A sales tax is being discussed at the county level to help fund projects spurred on by a 20 million square foot manufacturing campus that Foxconn Technology Group wants to build.
Racine County has the ability to tack on a half-percent local tax on top of the 5 percent sales tax. It is among a handful of counties that have yet to charge the tax.
Governor Scott Walker signed a $3 billion 15-year tax incentive package to establish Wisconnn Valley, which is where electronics manufacturer Foxconn Technology Group is expected to construct a $10 billion manufacturing campus. Hinged on Foxconn making capital expenditures and hiring employees at the plant, the tax incentive package is expected spur 10,000 construction jobs and 3,000 permanent hires to work at the plant.
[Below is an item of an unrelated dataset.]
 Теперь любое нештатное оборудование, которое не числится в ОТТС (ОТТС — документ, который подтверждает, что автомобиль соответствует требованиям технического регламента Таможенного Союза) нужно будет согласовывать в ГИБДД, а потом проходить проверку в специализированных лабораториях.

The county issued the following statement:
“Racine County is carefully evaluating numerous funding options to support the once-in-a-generation investment being considered by Foxconn and the unprecedented benefits that investment would bring to Racine County residents. At this preliminary stage of exploration, it would be premature to comment on specifics. However, it is important to note that as we consider all of our options, we will continue to maintain our commitment to fiscal conservatism and to ensuring the best deal for county taxpayers.”
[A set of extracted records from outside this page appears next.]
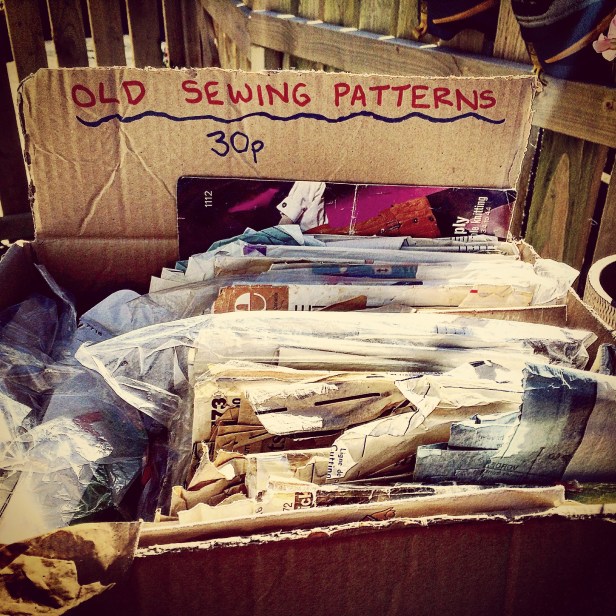 It was like a charity shop but larger, cheaper, and more jumbled. Almost immediately I saw the box of sewing patterns, marked 30p each!
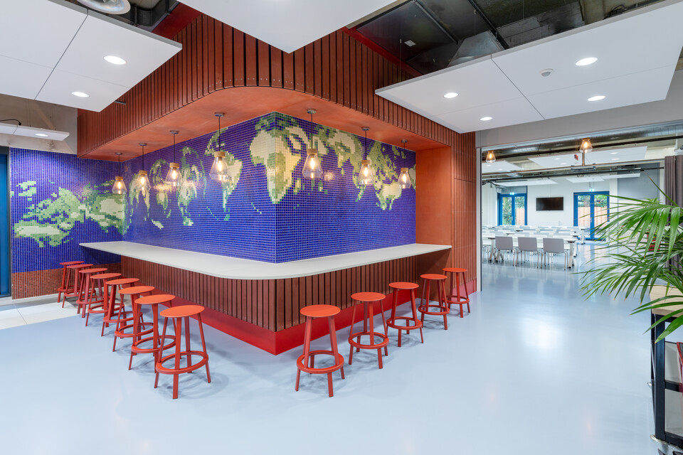 Monique: ‘Er zijn nog steeds mensen die hier voor het eerst binnenlopen. De reacties zijn elke keer weer enthousiast. Per dag komen er zo’n drie tot vijftien medewerkers binnen die het hele jaar in het veld werken en tussendoor één à twee dagen naar kantoor komen om te debriefen. Sommigen komen vanaf Schiphol rechtstreeks naar het hoofdkantoor. Uiteraard vinden zij hier goede koffie aan de balie, wasfaciliteiten, een rustige ruimte op de bovenverdieping met hangmatten en naast een fijne binnensfeer ook een mooie buitenruimte.’
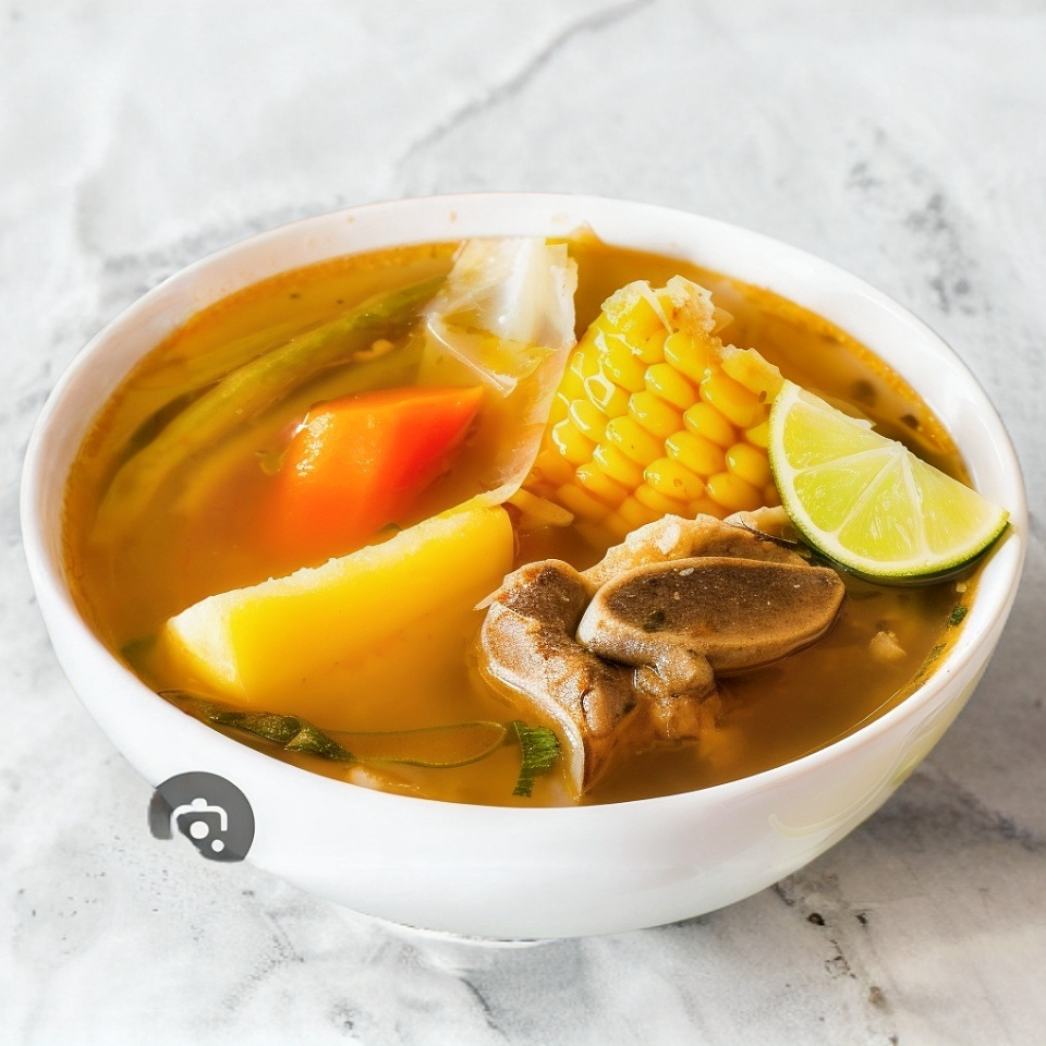 Panza de res, garbanzo, zanahoria, chayote y ejote
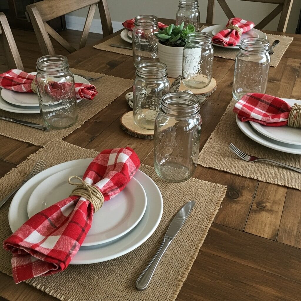 Create place settings that feel like they belong in a cozy farmhouse by layering textures and patterns thoughtfully. Start with burlap placemats or table runners as your foundation – they’re affordable and instantly add rustic texture to any dining table centerpiece arrangement.
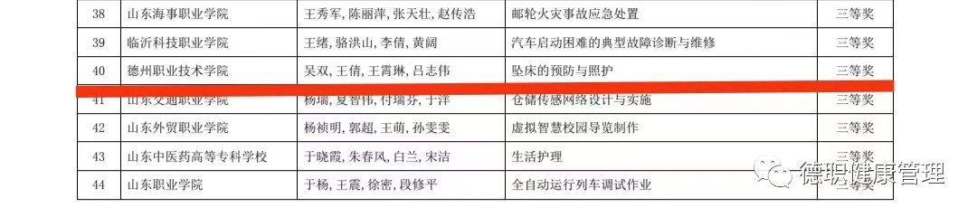 近日,由山东省教育厅主办的2023年山东省职业院校教学能力大赛拟获奖团队名单公布,吴双、王倩、王霄琳、吕志伟老师的参赛作品《坠床的预防与照护》获山东省职业院校教学能力大赛(高职组)专业课程二组三等奖,本次大赛是对学院教师教学能力的实战检验,同时彰显了beat365官网年轻教师的精神风貌。

The Taiwanese-based company wants to make LCD screens.
Some Land, Property Owners Collectively Hire Lawyer
The location of the manufacturing facility has not officially been named. However, the Village of Mount Pleasant hired a project coordinator for the Foxconn project earlier this month. The village also requested that the Racine Water and Wastewater Utility expand and extend water and sewer capacity for an anticipated development.
Racine County Eye spoke with Thomas Devine, the attorney representing about 25 to 30 home and landowners that live south of Highway 11, west of Airline Road, north of Braun Road and east of Interstate 94. They have all received letters from an interested party indicating that they would like the option to buy their property.
But all of Devine’s clients have decided not to take the option. Some of the families have lived on their land for generations. They would rather remain on their familial land if possible, he said.
Still, the sales process has not been defined.
“We’re waiting for the decision to move forward with the purchase of the land,” Devine said. “We’re waiting to understand what the purchase process is going to be.”